The problem:
From the data below, repeat exactly the lines from the line with "The Gospel of the" to the line with "Reisen går via", both included.

*** Input material ***

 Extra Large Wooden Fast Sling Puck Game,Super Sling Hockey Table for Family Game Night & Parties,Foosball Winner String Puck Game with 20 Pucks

*** End of Input material ***
*** Input material ***

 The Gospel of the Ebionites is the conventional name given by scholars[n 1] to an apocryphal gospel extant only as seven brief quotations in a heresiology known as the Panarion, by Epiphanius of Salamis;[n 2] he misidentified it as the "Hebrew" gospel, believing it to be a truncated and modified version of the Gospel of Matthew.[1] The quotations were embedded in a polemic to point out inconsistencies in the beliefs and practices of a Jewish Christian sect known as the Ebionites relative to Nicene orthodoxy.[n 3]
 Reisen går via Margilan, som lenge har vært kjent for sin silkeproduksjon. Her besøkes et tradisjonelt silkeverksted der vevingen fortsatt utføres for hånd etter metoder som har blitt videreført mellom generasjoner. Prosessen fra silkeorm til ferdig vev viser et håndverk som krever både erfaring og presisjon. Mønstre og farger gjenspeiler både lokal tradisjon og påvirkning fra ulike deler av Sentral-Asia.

*** End of Input material ***
*** Input material ***

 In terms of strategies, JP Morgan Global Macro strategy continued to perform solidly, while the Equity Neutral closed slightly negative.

*** End of Input material ***

Answer space:
 The Gospel of the Ebionites is the conventional name given by scholars[n 1] to an apocryphal gospel extant only as seven brief quotations in a heresiology known as the Panarion, by Epiphanius of Salamis;[n 2] he misidentified it as the "Hebrew" gospel, believing it to be a truncated and modified version of the Gospel of Matthew.[1] The quotations were embedded in a polemic to point out inconsistencies in the beliefs and practices of a Jewish Christian sect known as the Ebionites relative to Nicene orthodoxy.[n 3]
 Reisen går via Margilan, som lenge har vært kjent for sin silkeproduksjon. Her besøkes et tradisjonelt silkeverksted der vevingen fortsatt utføres for hånd etter metoder som har blitt videreført mellom generasjoner. Prosessen fra silkeorm til ferdig vev viser et håndverk som krever både erfaring og presisjon. Mønstre og farger gjenspeiler både lokal tradisjon og påvirkning fra ulike deler av Sentral-Asia.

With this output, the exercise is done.